It's what I wanted, too, Laura. But I had to face the fact that it just isn't in the cards for me! Finally, I'm at peace with that.


----------



## nehimama (Jun 18, 2005)

FarmboyBill said:


> It amazes me mama. on the posting above, you list 2 diz attributes of being single. Then, in a week, youll have a Mr Newsom in view.


I honestly don't think so, Bill.


----------



## Terri in WV (May 10, 2002)

Laura Zone 5 said:


> I would love to have someone who 'moves with me'.


I would love someone to help me move! :happy2:


----------



## Oxankle (Jun 20, 2003)

Nehi: He got of easy. It's clear that you were not all that interested in him, or you'd have at least explained to him that you had to finish your chores before you could pay any attention to him. 

He realized that you were more important to him than he was to you. When a man senses that it is time for him to leave and find a woman who wants his company. It's hard for a man to do once he's really committed; best to find out early. 
Ox


----------



## nehimama (Jun 18, 2005)

Posted by Oxankle:
"He realized that you were more important to him than he was to you."

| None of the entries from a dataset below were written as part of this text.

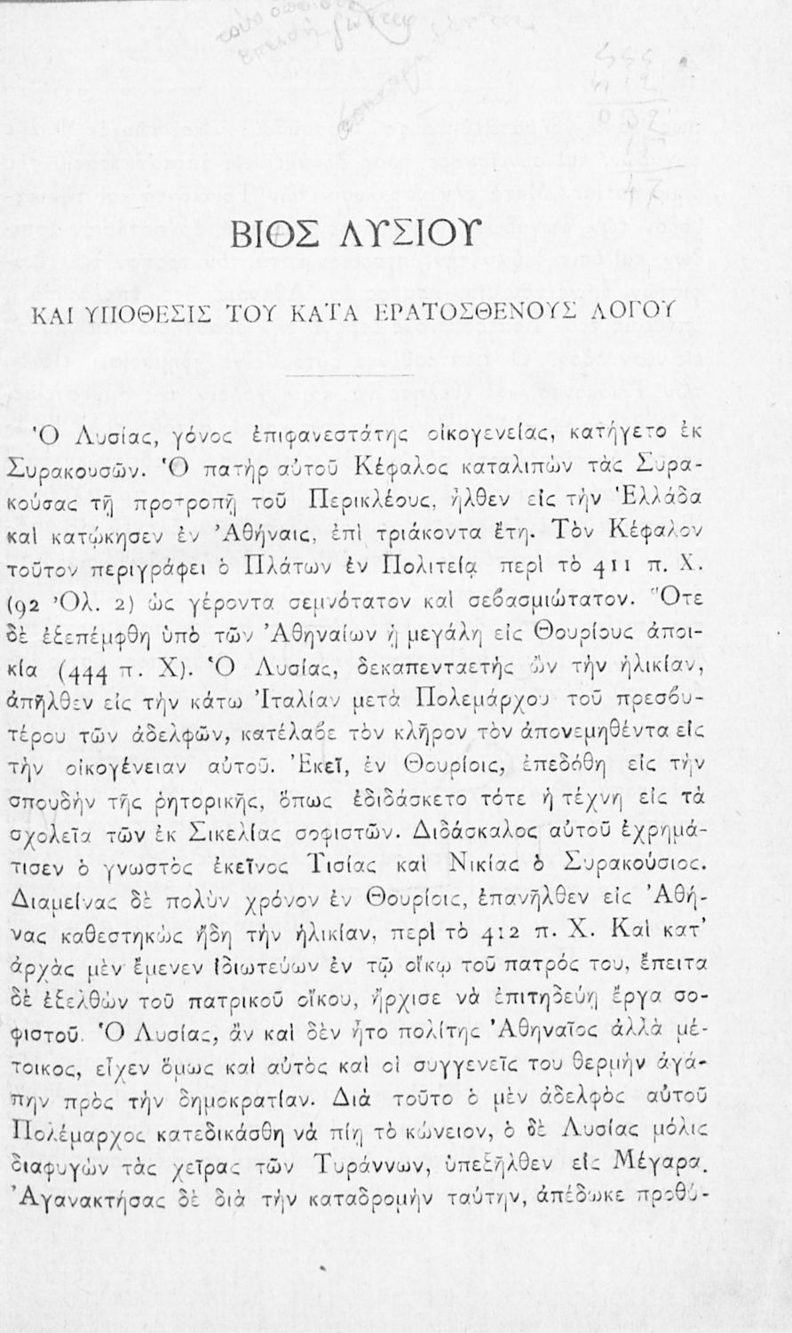 Τίτλος: Λυσίου Οι εν τοις γυμνασίοις διδασκόμενοι λόγοι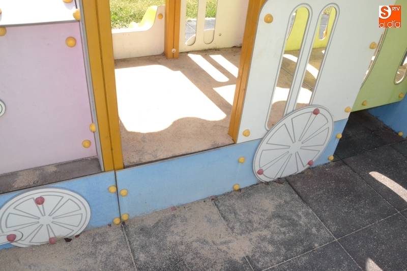 Realmente, y como se puede ver en las imágenes, la principal deficiencia que tiene a día de hoy este parque se sitúa en el arenero que, 'por falta de uso', se está transformando poco a poco en una zona verde. Respecto a otros problemas, se puede apuntar que el tren situado en el parque ha acumulado algo de arena en su interior producto del uso que le han ido dando los niños.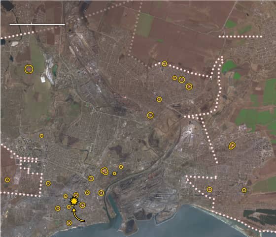 Misiles lanzados contra las instalaciones de Azovstal el 18 de marzo (destacados en amarillo).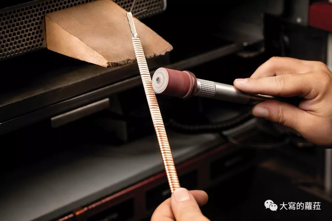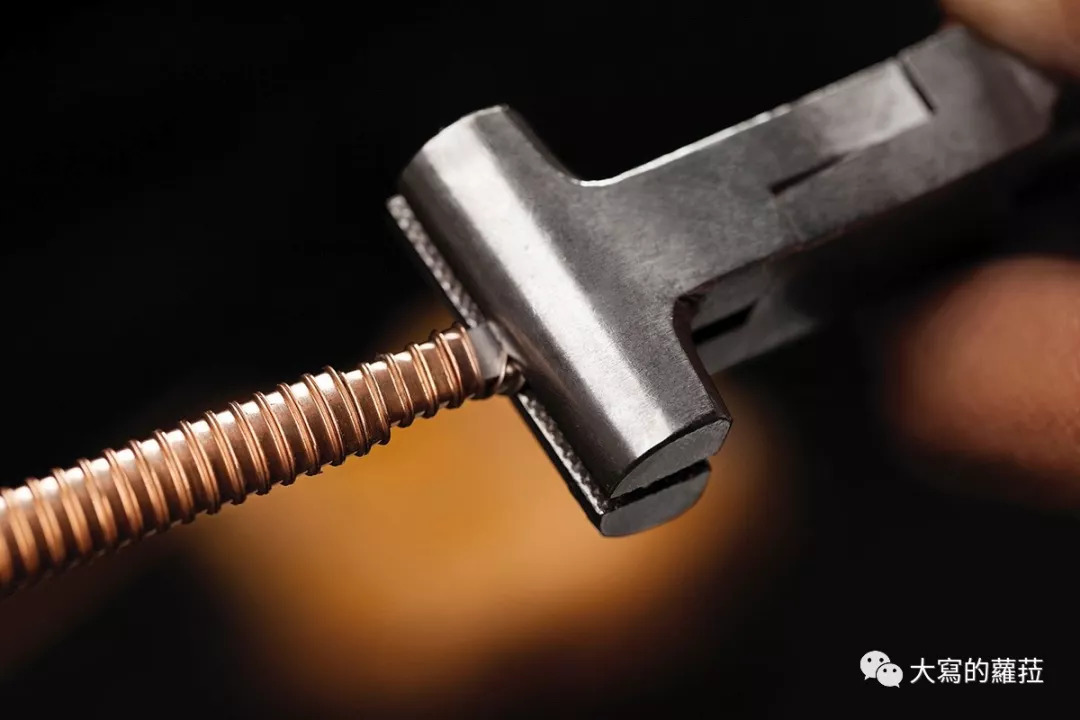 △ Tubogas工艺需将长长的金属薄片缠绕在木质或金属固定片上定型。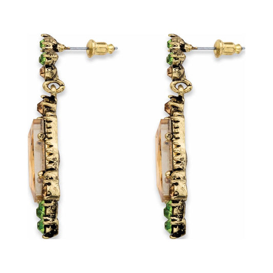 Baguette-Cut Champagne and round Green Faceted Crystal Vintage-Style Drop Earrings in Antiqued Goldtone 2"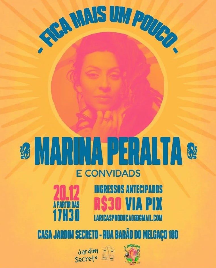 Marina Peralta escolheu o fim de ano para fazer o que mais gosta: voltar a Campo Grande, sua cidade natal, renovar afetos e cantar perto de quem faz parte da sua história. A volta vem acompanhada de festa. “Fica Mais Um Pouco” é o nome do encontro que a cantora e compositora promove no quintal da Casa Jardim Secreto, no centro da capital.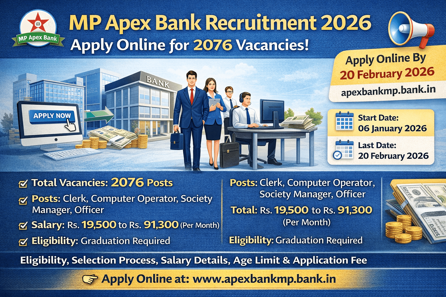| 06-02-2026 | Clerical & Officer Posts | MP Apex Bank | Any Graduate, BCA, B.Com, B.Tech/B.E, M.Sc, MCA | 2076 | 20-02-2026 |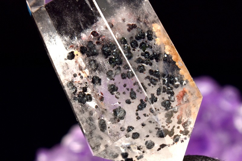 水晶にレピドクロサイト(鱗鉄鉱)が内包された天然石です。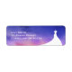 Um lindo vestido de noiva em um fundo de água-furtada roxa acentua esta etiqueta de endereço de devolução para chá de noiva. Esta etiqueta faz parte da Coleção Chá de Noiva Elegante em água-furtada roxa. Se precisar de itens adicionais de coordenação, basta entrar em contato conosco em prettyfancyinvites@gmail.com com o seu pedido.

Whoa! I absolutely do NOT think so!


----------



## Ardie/WI (May 10, 2002)

Nehi, it's too bad you couldn't have given him a pacifier for his drive home! What a child!


----------



## petefarms (Oct 17, 2004)

Interesting post, kind of know how you feel, same age and birth dates about 1 week apart. I'm feeling the same way. Never know whats going to happen next at age 61 I guess I'm not going to worry if there is someone with me, but I think eventually it'd be nice. Best to keep yourself busy good for the mind, body and soul. 
best of luck.


----------



## Guest (Feb 20, 2014)

Oxankle said:


> Nehi: He got of easy. It's clear that you were not all that interested in him, or you'd have at least explained to him that you had to finish your chores before you could pay any attention to him.
> 
> He realized that you were more important to him than he was to you. When a man senses that it is time for him to leave and find a woman who wants his company. It's hard for a man to do once he's really committed; best to find out early.
> Ox


Whoa there chief..

Where did that assumption come from? 
Who said that she didn't say to him, "We'll have a nice supper together after I finish my chores? Want to come along?"


----------



## L.A. (Nov 15, 2007)

He sounds like a spoiled baby to me,,

Good for you Nehi !!!:hobbyhors


----------



## Oxankle (Jun 20, 2003)

Lesley; if a woman says to a man "Wait a bit until I've done my chores" the man waits; no man walks away from even an implied promise if he's interested. Men walk away when they get their feelings hurt, when they realize "she's not really interested in me". 

Some fellows figure that out quicker than others. Most men will walk away. sometimes very reluctantly, rather than pursue a woman who does not care. When they walk away in a pout you can be sure their pride is hurt. When the woman tells herself the man's departure means nothing to her you know the fellow made the right decision.


----------



## nehimama (Jun 18, 2005)

It was absolutely necessary for my survival that it mean nothing to me! I'm always the one who's on the hurting end of this carp! At the very least, this time, *I* did not get hurt!!!

Or. . . . . . did you want to read that I threw myself down on the ground & cried my eyes out???? Well, I didn't!


----------



## Terri in WV (May 10, 2002)

Ox, I think that you are usually spot on, but way off base on this one! 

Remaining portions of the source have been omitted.